Newbie here. New to the forum and new to TT life.

So here is my dilemma. About two weeks ago one of my tanks ran out of gas and I flipped the lever to draw from second tank. Heater would start the fan for about 10 second and shut off. I bled the lines with the stove. I turned off shore power. Checked the battery. Battery was bad so got a new one from interstate. Looked at the fuses and all seems to be well there. Checked fuse coming from the battery.
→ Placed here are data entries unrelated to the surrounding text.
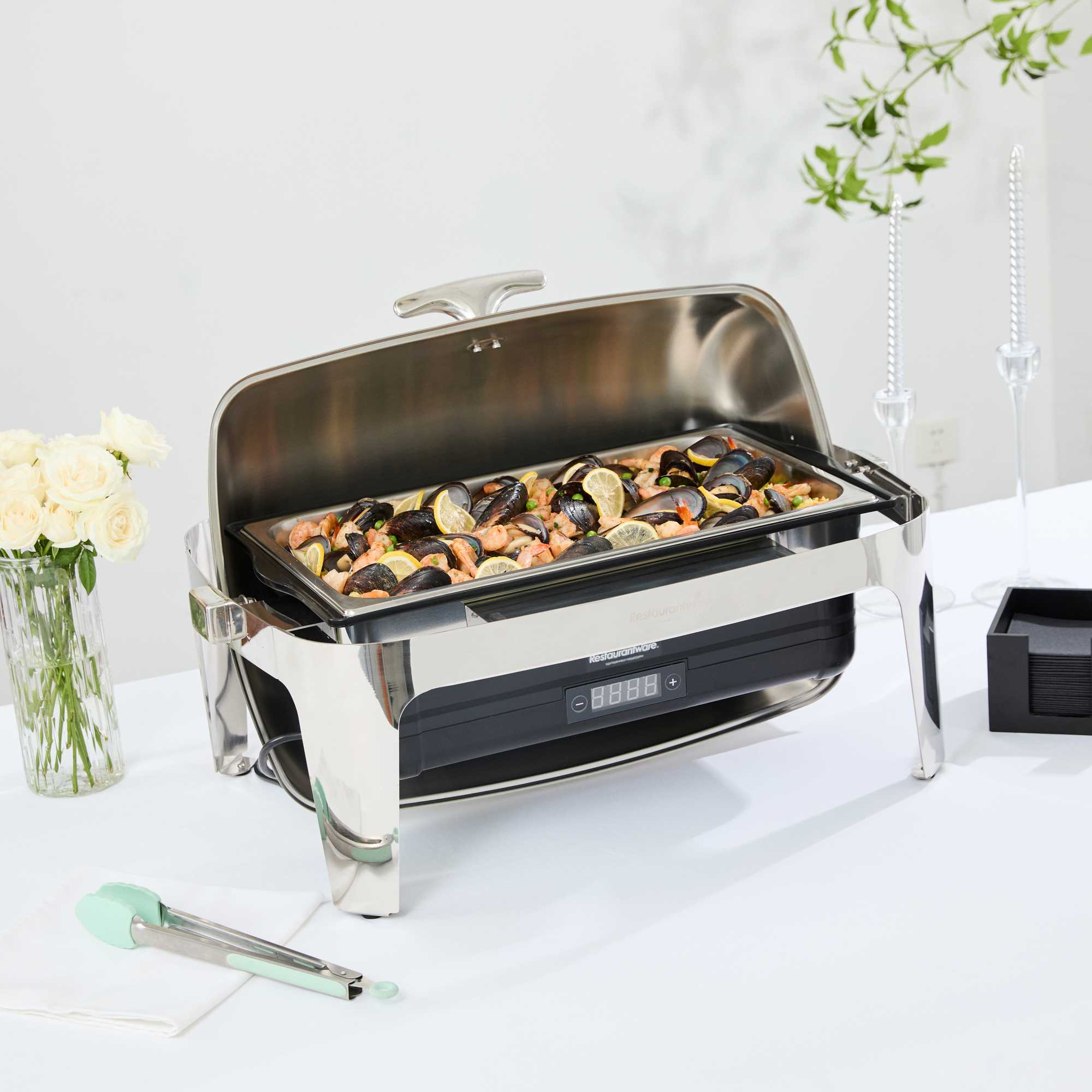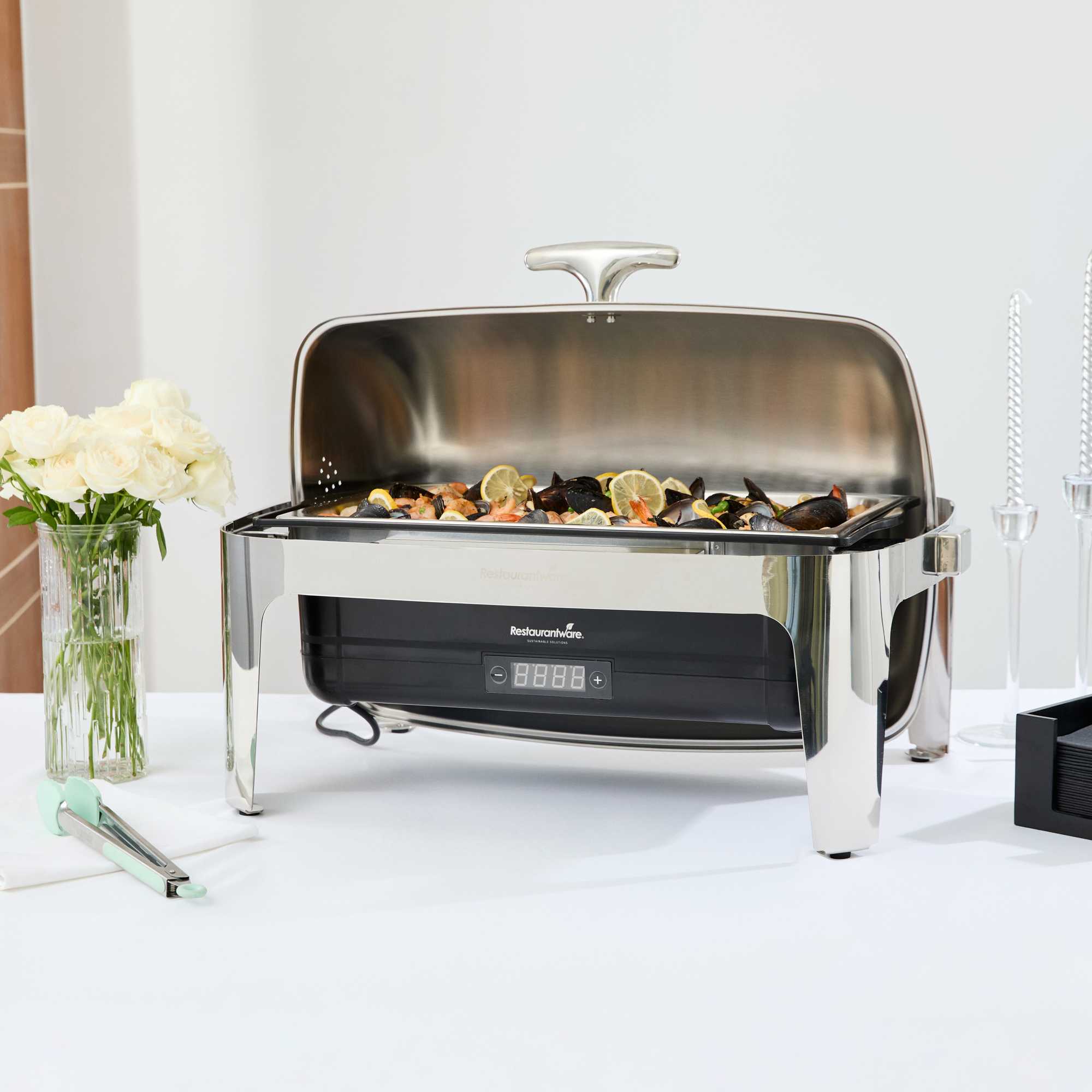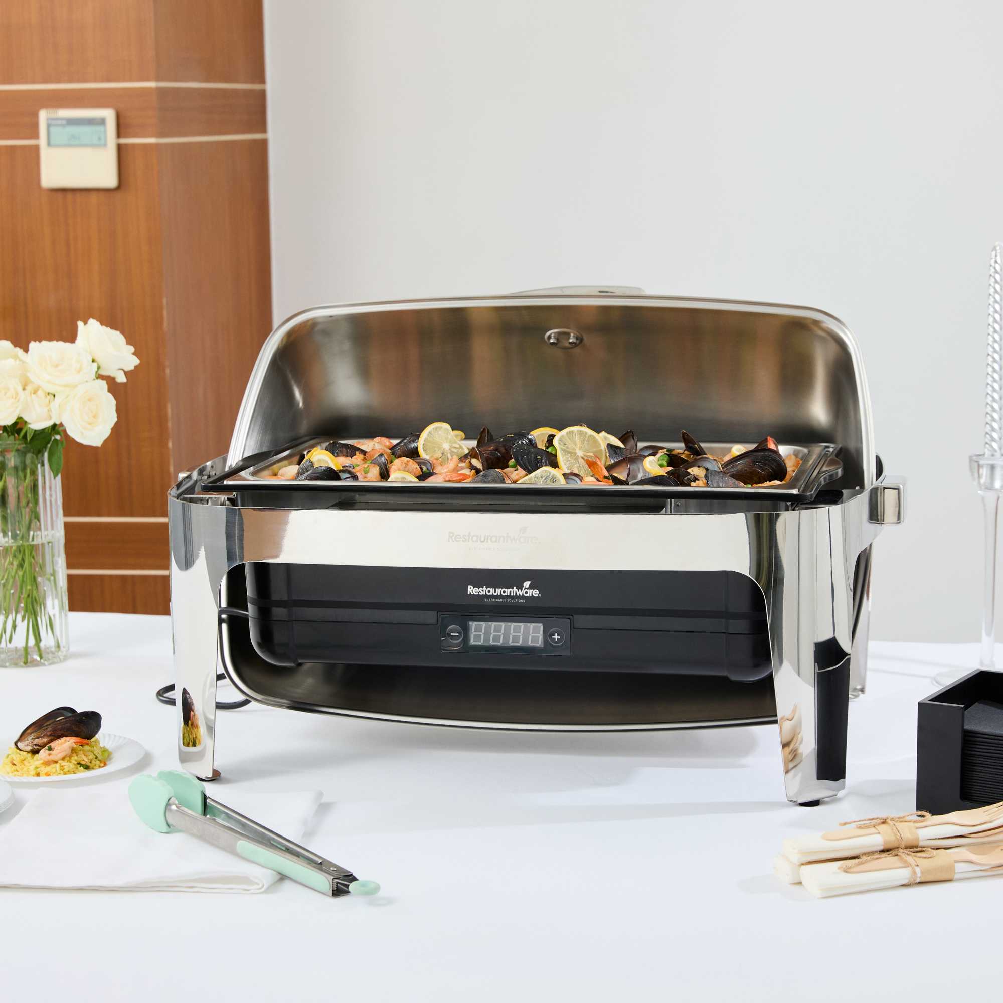 - Roll-top cover enables easy service in busy buffets
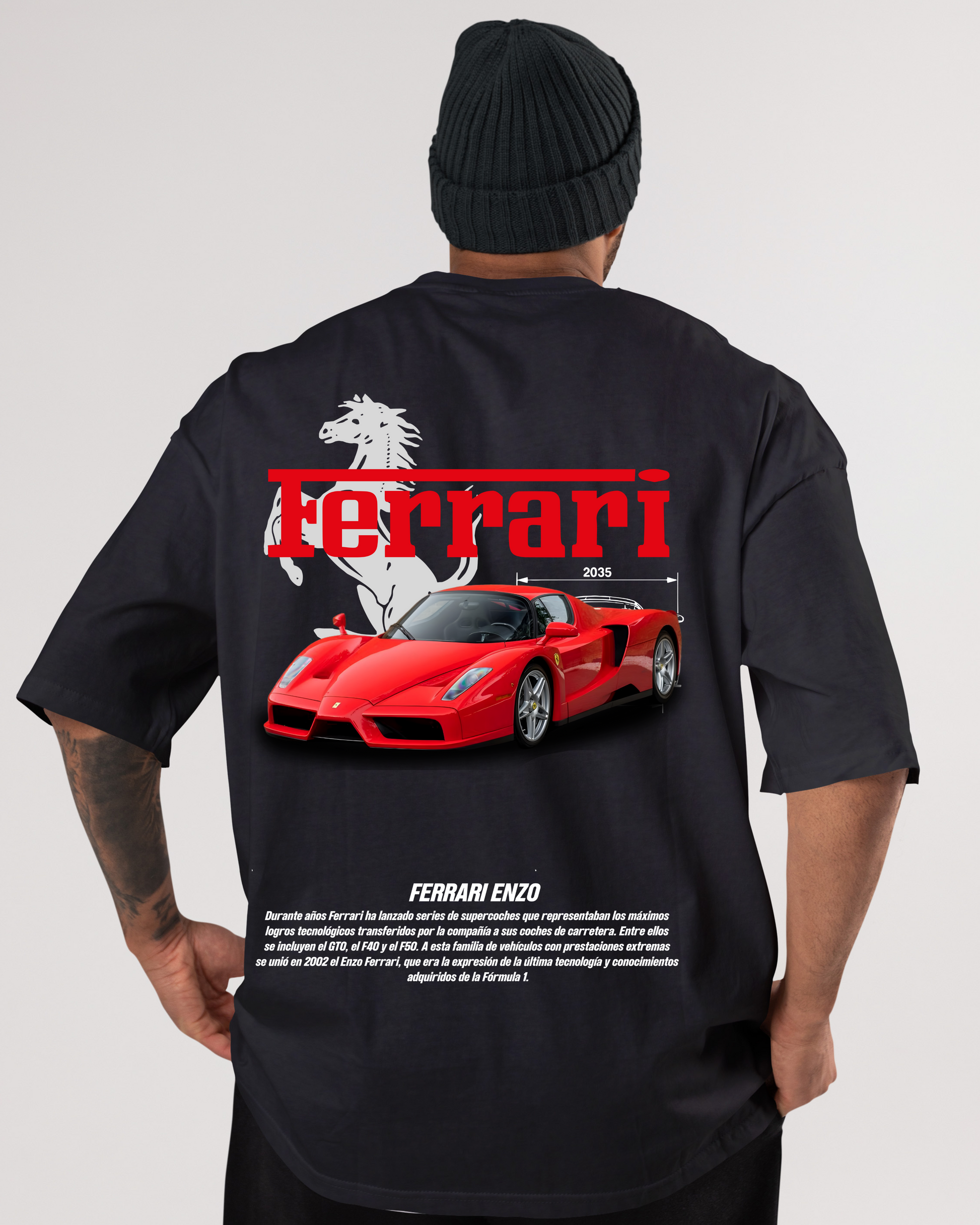 Unisex Black Ferrari Racing Graphic Oversized T-shirt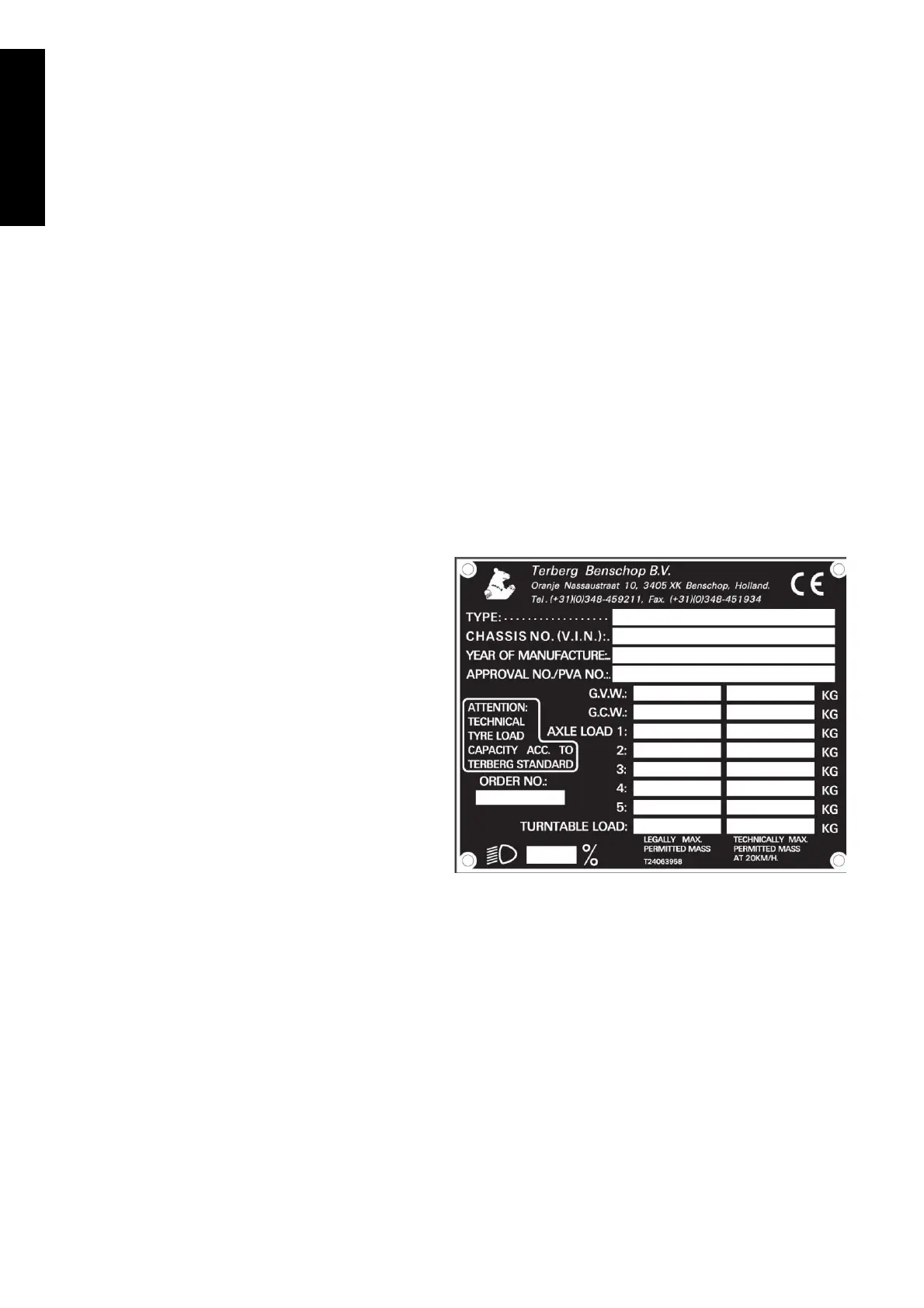Recommendations for maximum permissible axle and trailer loads are located inside the cab.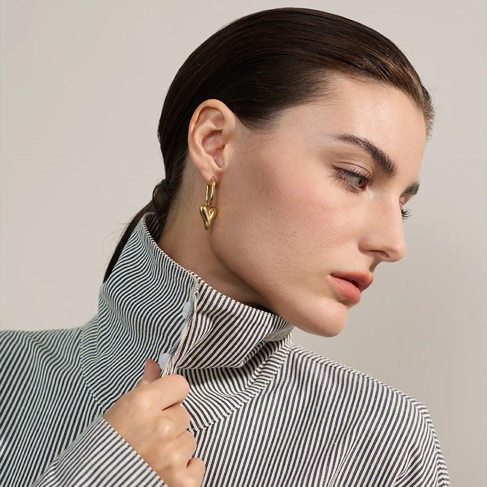 O Brinco love é a manifestação da elegância contida para a mulher que busca peças que não se explicam, se sentem. Forjado em aço inoxidável 316L, resistente à água, este brinco pendente de design elegante e formato de coração reforça a longevidade e a precisão no detalhe. Com o acabamento PVD em Ouro 18K, ele veste o seu significado, afirmando o luxo pela autonomia e qualidade duradoura.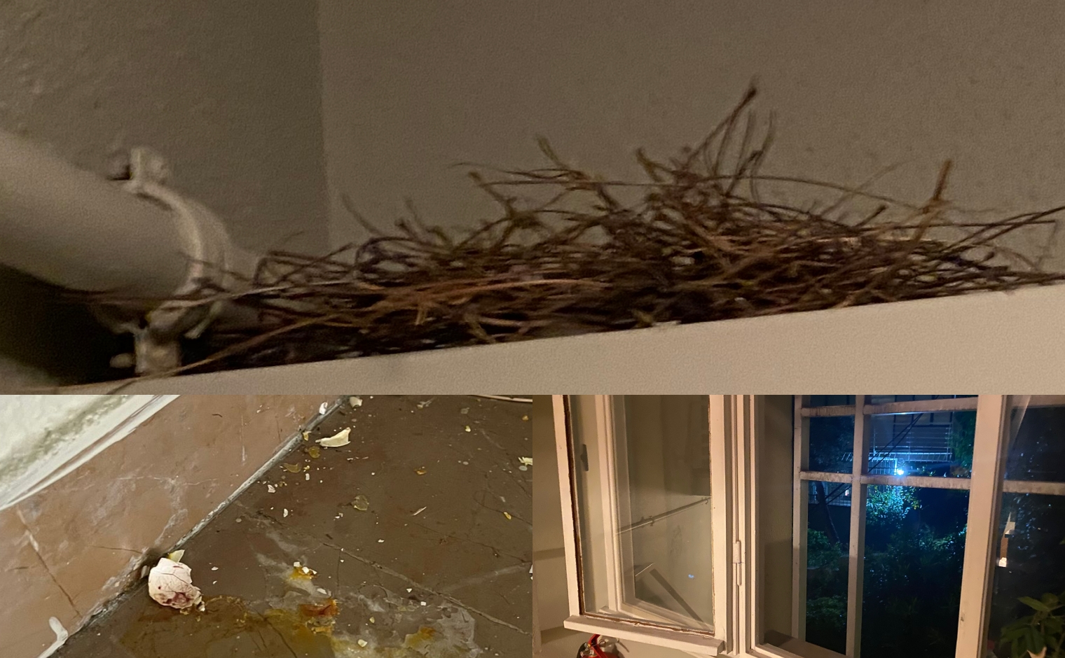 Kumrunun bozulan yuvası (üstte) kırılan bir kumru yumurtası (solda), anne – baba kumrunun doğayla yuva arasındaki bağlantısı olan cam (sağda)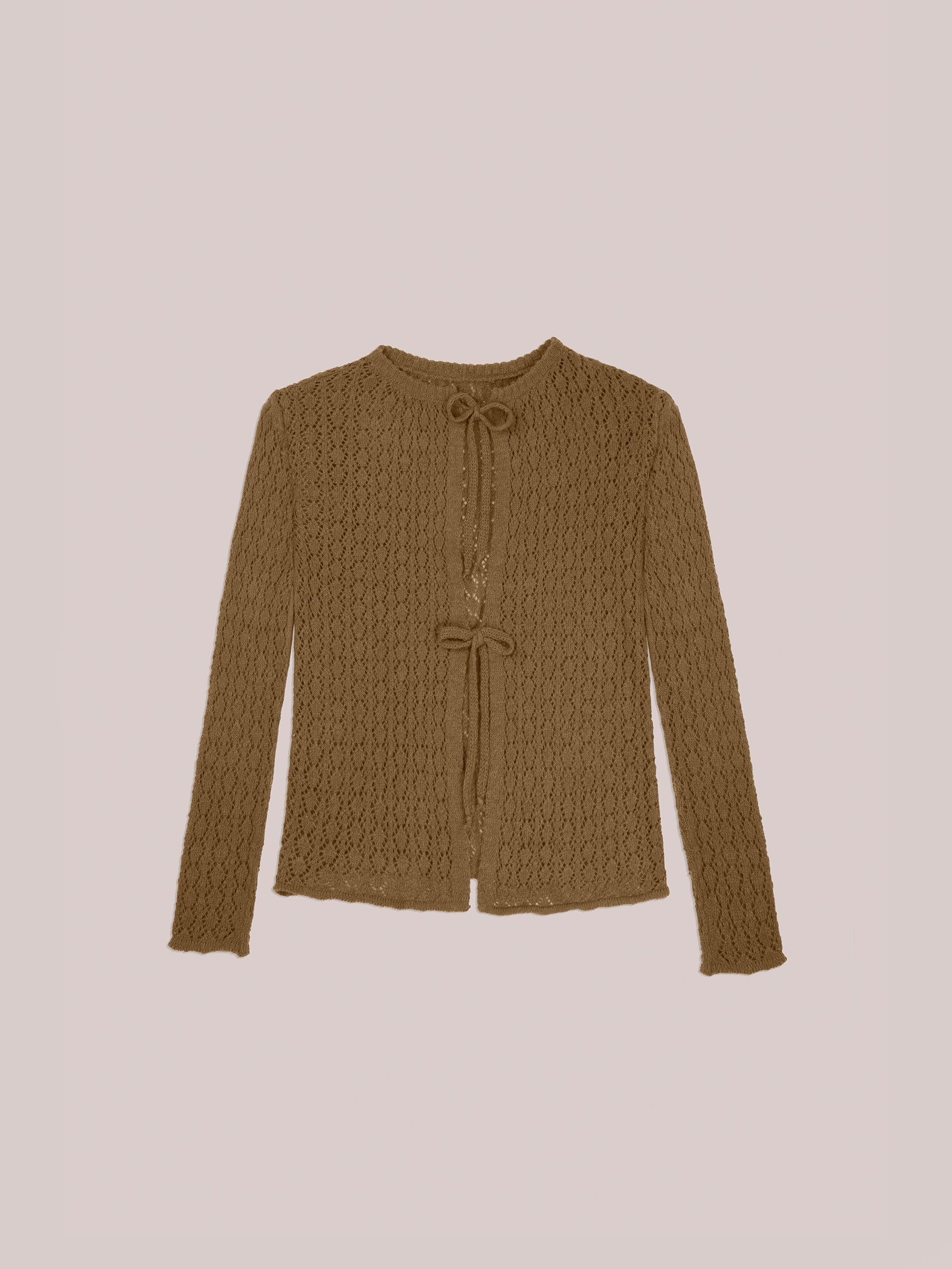 The Exile knit cardigan is made from a soft, comfortable knit fabric that moves with you easily. Its front tie closure adds a delicate, feminine touch, lending originality to a classic design.

I have checked everything I have read as instructions online and still have not corrected the problem

Any suggestions?

Stephen


----------



## RickyandSamantha (Aug 27, 2018)

when our tank1 ran out in December our "auto" switch didn't switch tanks. had to switch manually, and still no furnace. i put a different tank on in place of tank1 and then it worked fine, didn't have to bleed the lines or anything.


----------



## Jamescox169 (Jan 19, 2020)

I have had the same problem, 2018 Outback 324 CG here. Each time the tanks auto switch valve makes the auto switch it causes a fault in the heater. Replaced the circuit board the first time, haven't figured out the solution yet as it has happened again. Checked the gas each time, works just fine when the switch is made but the burner no longer switches on. Going to try the reset switch which is on top of the heater....hard to reach as there is no outside access ( sure wish they would have put a panel on the outside) so you have take the panel off and get on the floor. Taking the heater out is a whole other issue, glad to explain what I have done if needed.


----------